# [TASK DIRECTIONS]
Within the lines below, the span from the line with "KSC3123RMTF Fairchild/ON Semiconductor" to the line with "Imagen N° 31", both ends included, is to be reproduced exactly, with pictures omitted.

====== RECORDS SUPPLIED

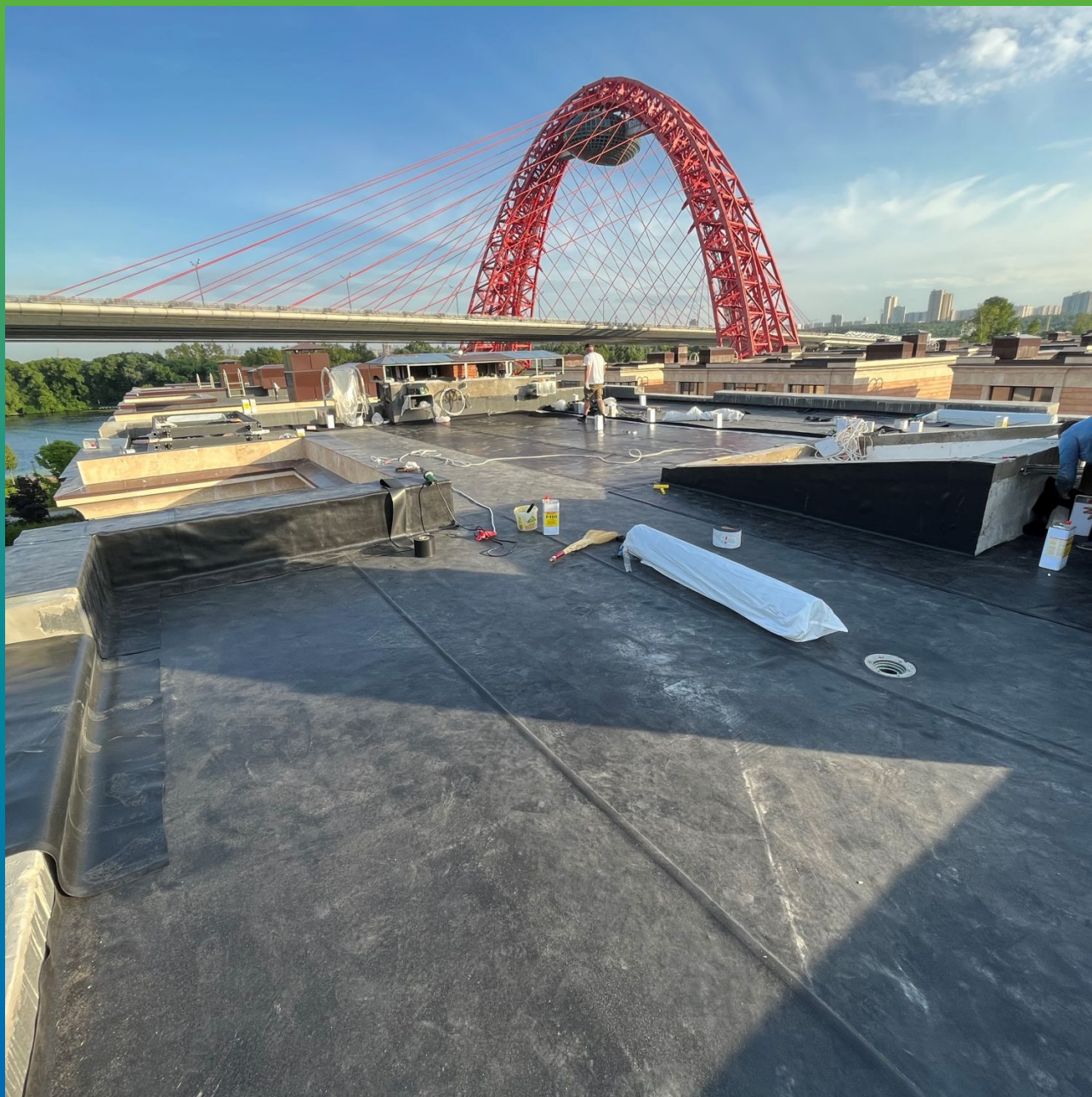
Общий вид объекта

============
====== RECORDS SUPPLIED

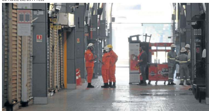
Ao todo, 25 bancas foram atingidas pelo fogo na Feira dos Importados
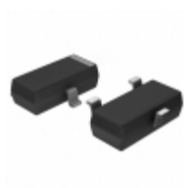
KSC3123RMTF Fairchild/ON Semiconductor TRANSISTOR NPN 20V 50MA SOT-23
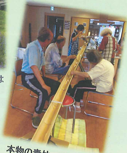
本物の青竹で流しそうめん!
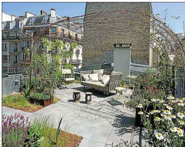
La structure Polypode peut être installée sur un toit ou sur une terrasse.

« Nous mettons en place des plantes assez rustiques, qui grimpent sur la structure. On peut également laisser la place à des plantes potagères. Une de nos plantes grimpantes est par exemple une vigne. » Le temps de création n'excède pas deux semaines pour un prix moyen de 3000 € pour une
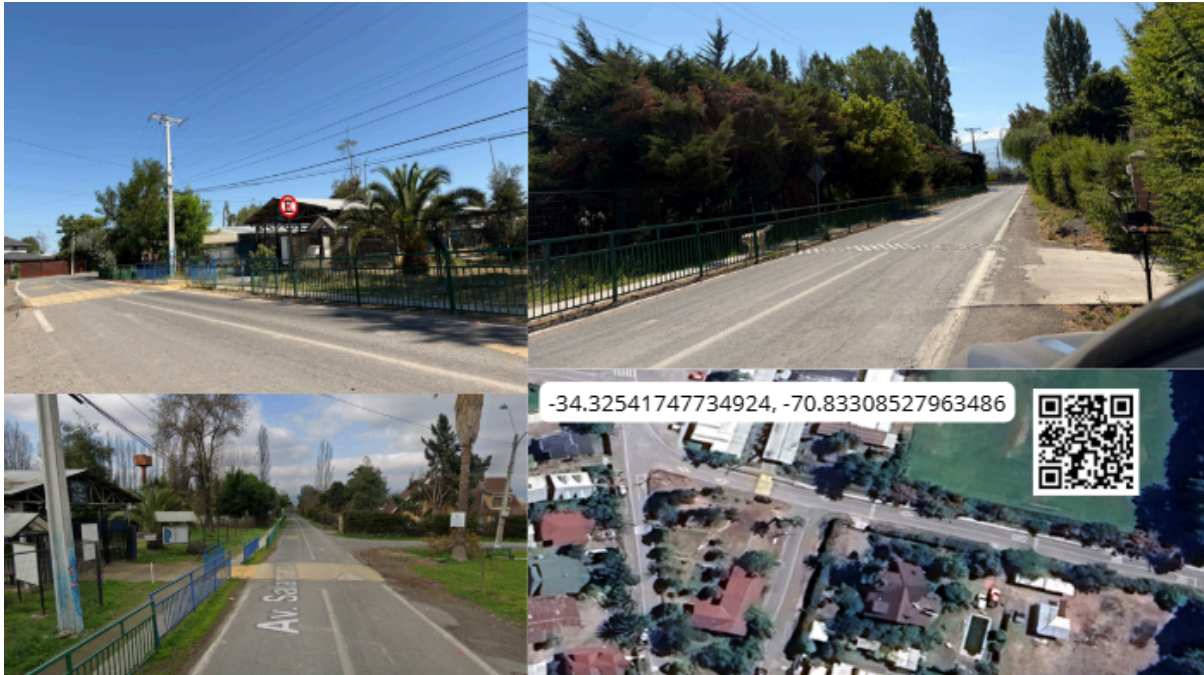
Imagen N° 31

============

# [OUTPUT OF THE TASK]
KSC3123RMTF Fairchild/ON Semiconductor TRANSISTOR NPN 20V 50MA SOT-23
本物の青竹で流しそうめん!
La structure Polypode peut être installée sur un toit ou sur une terrasse.

« Nous mettons en place des plantes assez rustiques, qui grimpent sur la structure. On peut également laisser la place à des plantes potagères. Une de nos plantes grimpantes est par exemple une vigne. » Le temps de création n'excède pas deux semaines pour un prix moyen de 3000 € pour une
Imagen N° 31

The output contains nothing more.